Как он добрался до Подмоклова, Коля помнит с трудом. Один раз обжигающим холодком проползло по спине и шевельнуло волосы близкое дыхание смерти — смерть проносилась скорым поездом, а Коля не захотел переходить какой-то высоченный мост и спрыгнул с платформы и оказался так близко к железному лязгу и грохоту, что несколько секунд чувствовал запах и холод накатившего ураганом потустороннего дыхания.
Еще он помнит чай из пластмассового стаканчика, такой горячий, что стаканчик плавился тонким дном и не стоял на столике, его приходилось поддерживать двумя пальцами.
Он хотел посмотреть адрес Ляли в паспорте, пока она спала на кровати его родителей, обхватив живот руками с растопыренными пальцами (его всегда удивляла ее неистовая вера в собственные силы — она закрывала живот ладонями торжественно, с уверенностью спасительницы мира). Воровато, тайком, рылся у нее в документах, но адреса в Подмоклове в ее паспорте не было: Ляля была прописана в Санкт-Петербурге у матери. Странно, но он даже тогда не развернул паспорт на первой странице, чтобы узнать ее полное имя.
Искал у родителей в бумагах адрес дяди Антона. Не нашел. Совершенно случайно, перебирая медицинские справки Ляли, он обнаружил “место проживания Сидоркиной М.А.”.
В семь вечера он стоял с непокрытой головой и осматривал это самое “место проживания”, отодвигая в недосягаемое прошлое все, что прожилось раньше, и сегодняшний день, начавшийся с прощания с родителями, только вот запах и холод промелькнувшей смерти не забывались и саднили слегка обожженные чаем подушечки большого и указательного пальцев.
Большой дом за оградой в охраняемой зоне дачного поселка.
Коля вспомнил калитку и позвонил. Никто не вышел. Он обошел ограду и позвонил в кнопку на воротах. Никого.

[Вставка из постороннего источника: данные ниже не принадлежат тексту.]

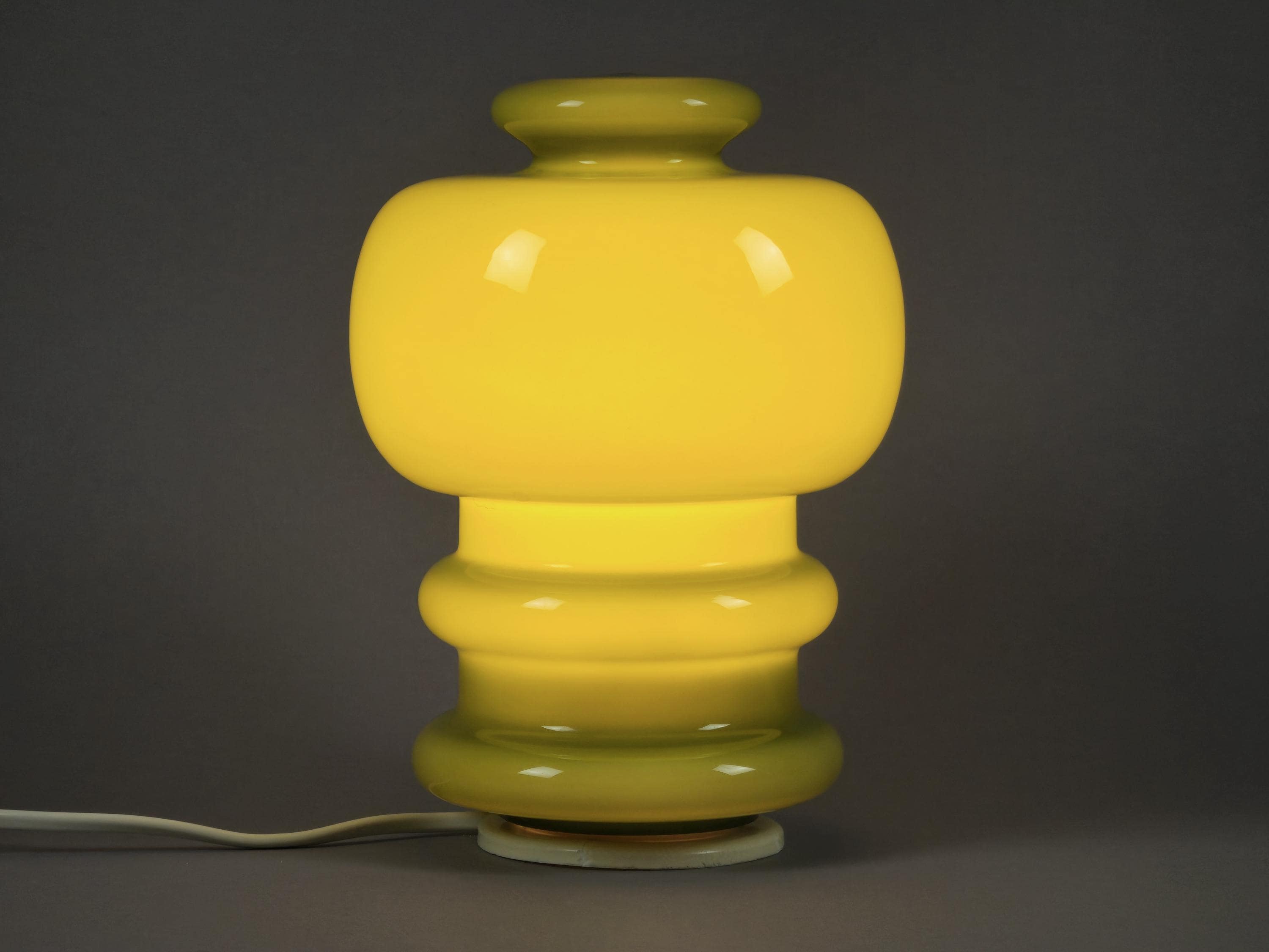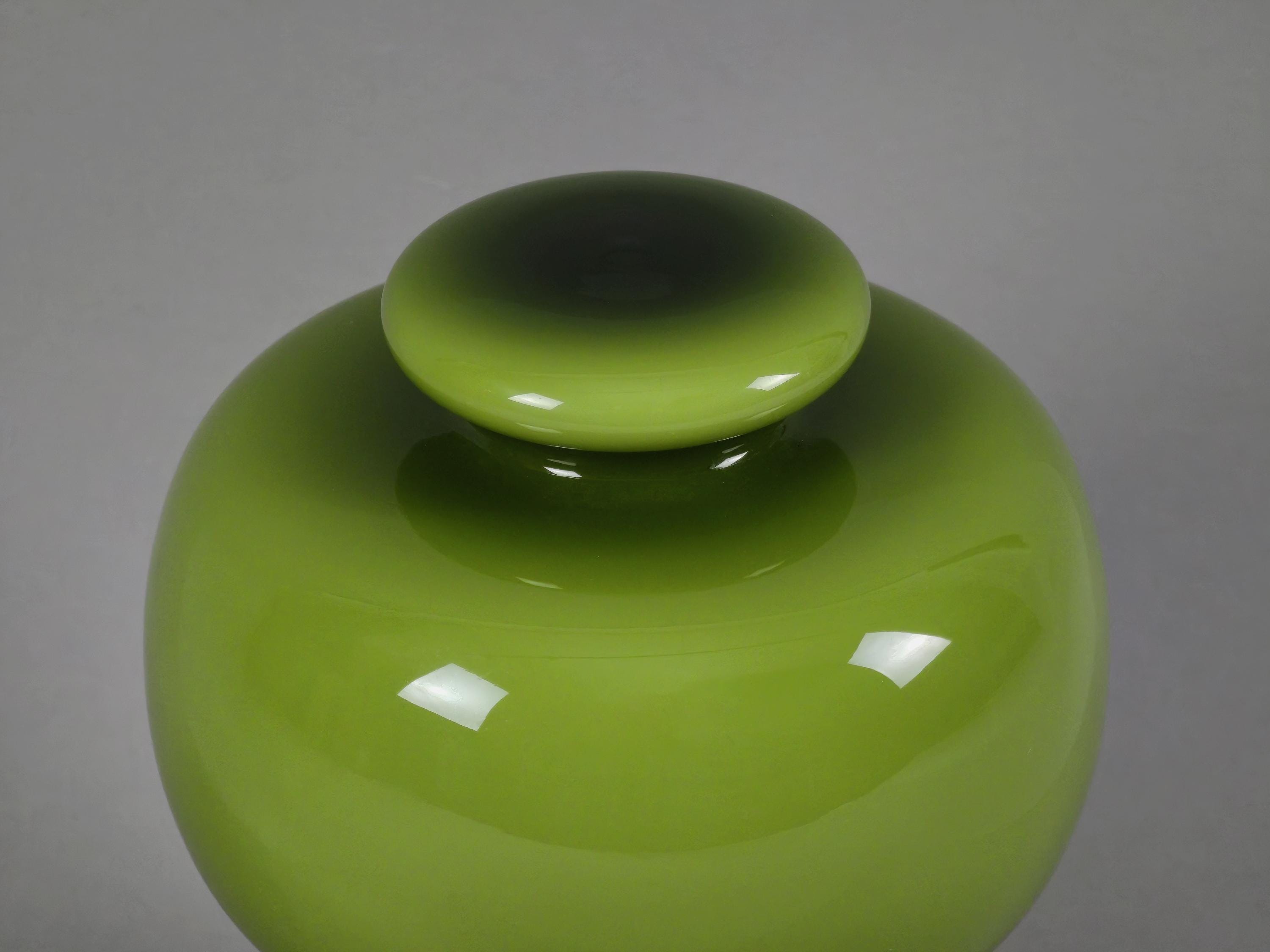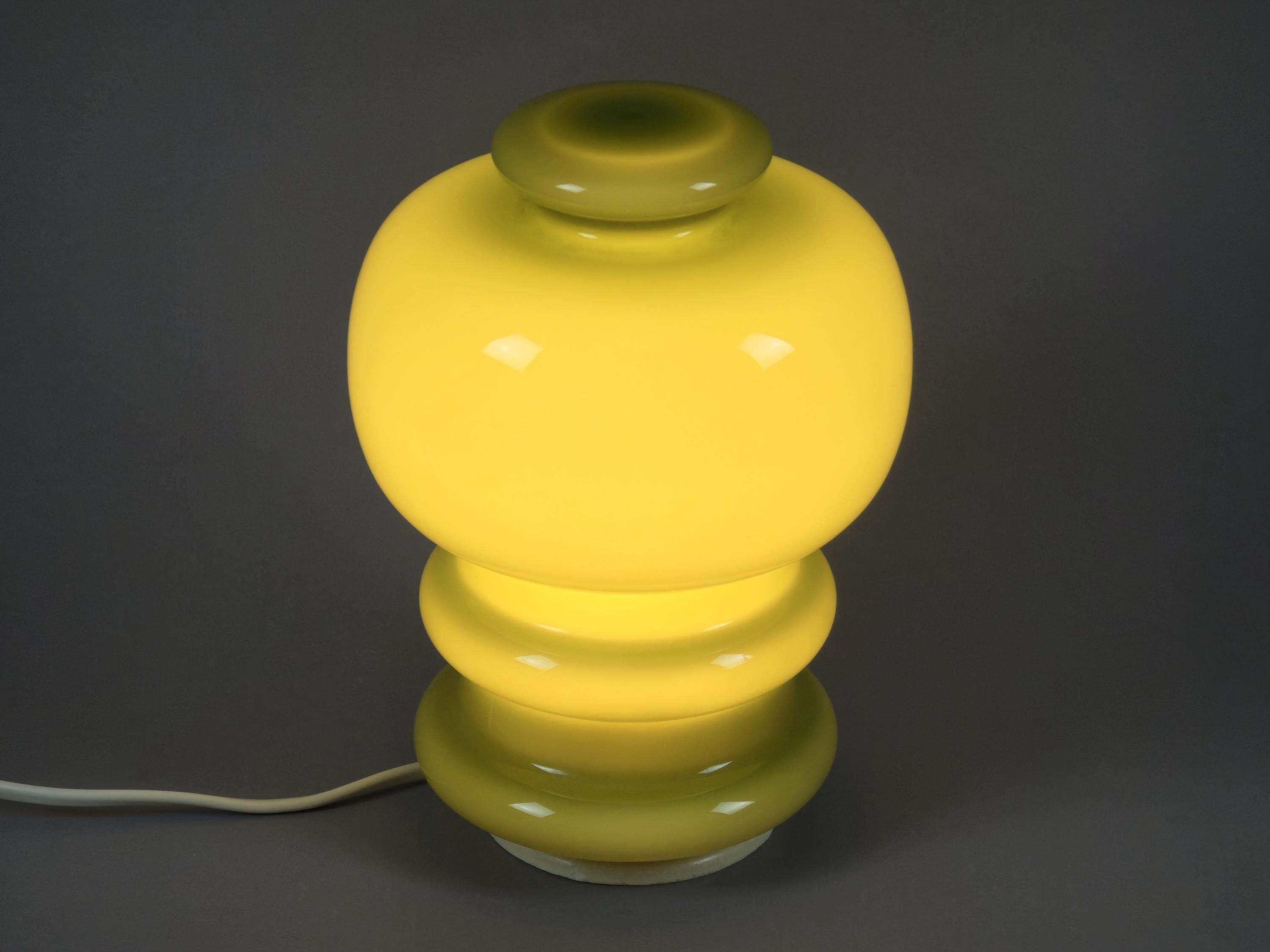 Vintage 1970s green cased-glass mushroom lamp from Sweden. It features vibrant green cased glass, meaning it has an opaque white inner layer that creates a soft, ambient glow when lit.
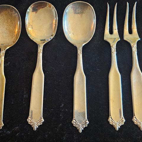 Bestikket er brukt, men fremstår pent og velholdt. Ingen synlige stempler for edelmetall – dette er et dekorativt sett som passer godt til kakebord, selskap, hytte eller som pynt.

Коля перелез через ограду и потихоньку обошел дом, заглядывая в окна.
В кухне горел свет. Еще светилось окно на втором этаже. Коля постучал кулаком в три двери, попавшиеся ему при обходе дома, подергал ручки, потом еще раз приник к кухонному окну и испугался.
Он увидел горящую свечу. На столе стояла свеча, свеча горела, а в доме не было ни движения, ни звука. Мигала красная лампочка на каком-то приборе — не разглядеть, потом лампочка погасла. Коля закрыл глаза, задержал дыхание и прислушивался к себе так долго, сколько смогли выдержать легкие. Он не услышал Лялю. Ляли здесь не было. Руки сразу же задрожали, почему-то потекло из носа, Коля натянул вязаную шапочку пониже и уговорил себя еще раз внимательно обойти дом и поискать возможность попасть в него. Например, ворота гаража… У дяди Антона есть машина, это он точно знает, Ляля говорила, что с трех месяцев беременности она с мужем не ездит на автомобиле, он — рисковый водитель (как и все дети!)… Значит, от внешних ворот должен быть въезд к гаражу, но въезда нет, есть только две параллельные дорожки из красных плит, хотя, если подумать, это и есть въезд — дорожки для колес.
Коля пошел по плитам и понял, почему он не заметил гаражные ворота: гараж был в подвале, въезд в него — глубоким, а ворота окрашены в темно-серый цвет, в тон камня, которым обложен цоколь по периметру дома.
Скользя подошвами кроссовок по влажному бетону, Коля спустился к гаражным воротам, на всякий случай повернул ручку на них и… замок клацнул, створка ворот приоткрылась.
Из гаража, где стояли легковушка и фургон, Коля попал в маленькую мастерскую, потом поднялся вверх по ступенькам и оказался в кухне, в той самой, где горела свеча.
Коля прошел по первому этажу в прострации — каждая жилка его тела напряглась до осязаемого предела, а мозг вдруг решил отключиться и передохнуть: Коля видел откупоренную бутылку вина, фрукты, грязную пеленку с желтыми разводами на раковине в ванной, он даже почувствовал запах от этой пеленки!., но ему казалось, что дом мертв, что Ляля здесь никогда не жила, что здесь вообще никто не живет, это подвальная нечисть греет дом, следя за огнем в газовом котле, чтобы по ночам загрызать случайных гостей, завлекая их накрытым столом и запахом младенца.
Стояла полнейшая тишина. Стараясь ступать бесшумно, Коля поднялся на второй этаж, заглянул в комнату с огромным письменным столом и белой шкурой на полу, потом — в детскую (тишина, кровать пуста, и колыбелька под прозрачным пологом пуста, а в манеже набросаны тряпки и игрушки).